Open JohnnyNiu opened this issue 7 years ago • 35 comments

Is it possible to have multiple 'Set-Cookie' headers in one response? As is known there are two ways to set cookies header in the response: - Having separated headers - Folding into 1 header and using comma separated

The later way however is deprecated in (RFC6265)[http://www.rfc-editor.org/rfc/rfc6265.txt] and not supported by some latest browsers.

   Origin servers SHOULD NOT fold multiple Set-Cookie header fields into
   a single header field.  The usual mechanism for folding HTTP headers
   fields (i.e., as defined in [RFC2616]) might change the semantics of
   the Set-Cookie header field because the %x2C (",") character is used
   by Set-Cookie in a way that conflicts with such folding.
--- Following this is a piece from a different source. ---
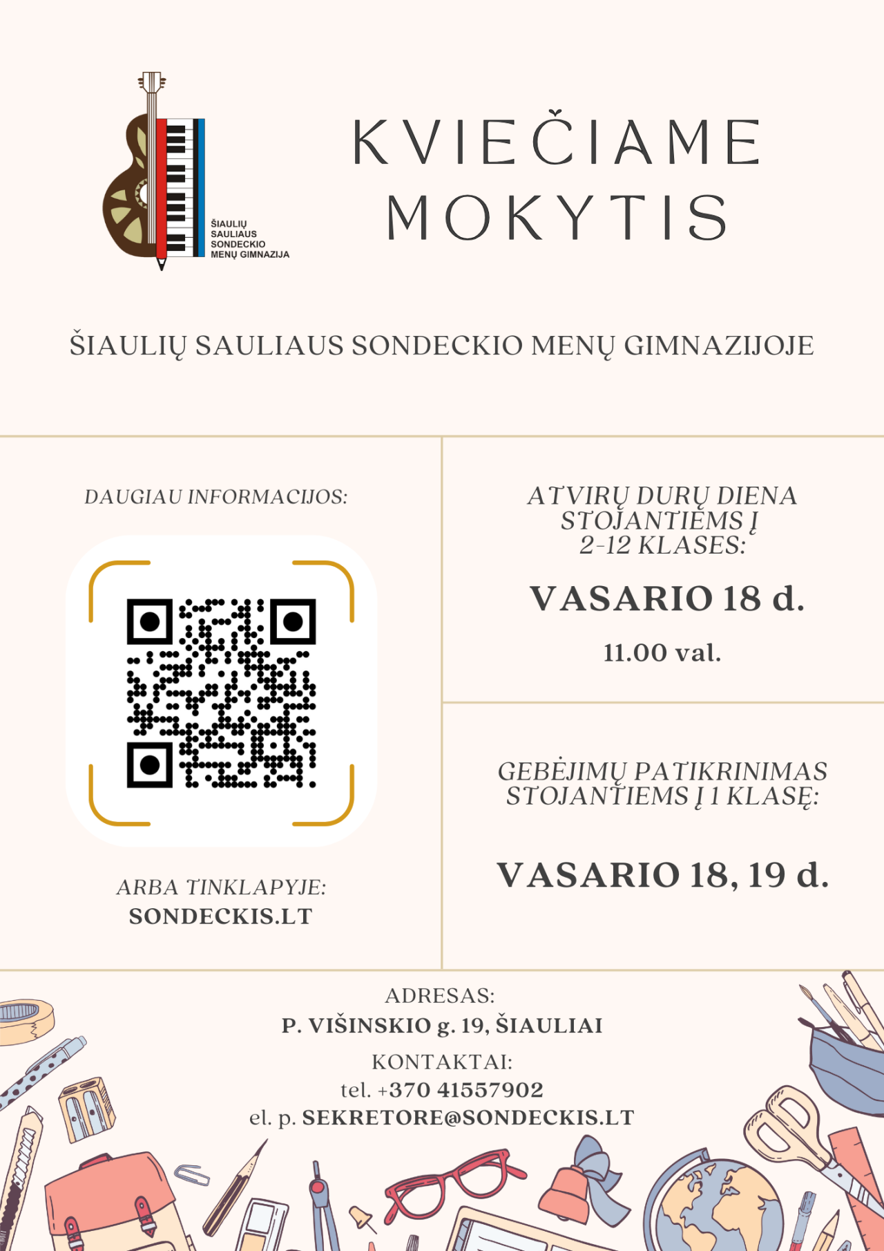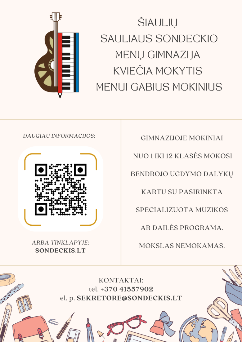 Kviečiame mokytis Šiaulių Sauliaus Sondeckio menų gimnazijo...

So that below can be valid:

responses:
   200:
   description: "Response with content"
   headers:
       Set-Cookie:
           type: String
           description: "eg. key1=value1"
       Set-Cookie:
           type: String
           description: "eg. key2=value2"

JohnnyNiu avatar Jun 29 '17 01:06 JohnnyNiu

You can of course have multiple headers with the same name in your HTTP response, but it looks like OpenAPI 2.0 has no way of documenting that. The way shown by you doesn't work (a JSON or YAML object can have each key just once, and if you repeat one, most parsers will retain just one of them).
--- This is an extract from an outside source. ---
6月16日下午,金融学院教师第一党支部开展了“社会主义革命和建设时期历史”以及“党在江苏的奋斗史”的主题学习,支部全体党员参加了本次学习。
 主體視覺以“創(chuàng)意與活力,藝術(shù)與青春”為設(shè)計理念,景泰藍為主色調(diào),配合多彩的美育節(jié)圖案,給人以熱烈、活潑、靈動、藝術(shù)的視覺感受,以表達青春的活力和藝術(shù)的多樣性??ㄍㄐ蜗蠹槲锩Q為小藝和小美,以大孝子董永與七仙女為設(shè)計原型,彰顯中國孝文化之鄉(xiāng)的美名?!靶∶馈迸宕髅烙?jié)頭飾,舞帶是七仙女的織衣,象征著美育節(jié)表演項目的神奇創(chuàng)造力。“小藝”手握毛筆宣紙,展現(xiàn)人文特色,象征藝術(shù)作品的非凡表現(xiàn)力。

I think it looks like the same with the current RC of OpenAPI 3.0 – while the handling of plural parameters changed (via style instead of collectionFormat), I didn't find anything for "multiple headers of the same name". (I guess that could be handled by adding a new style value here.)

(By the way, I think that Cookies should not be necessary in a Restful API – but the same applies to other headers too.)

ePaul avatar Jun 29 '17 08:06 ePaul

Per @darrelmiller - We have a way to capture this in the request but not in the response.

@JohnnyNiu Is that sufficient for your use case?

RobDolinMS avatar Jul 07 '17 16:07 RobDolinMS

The Set-Cookie header is typically a response header.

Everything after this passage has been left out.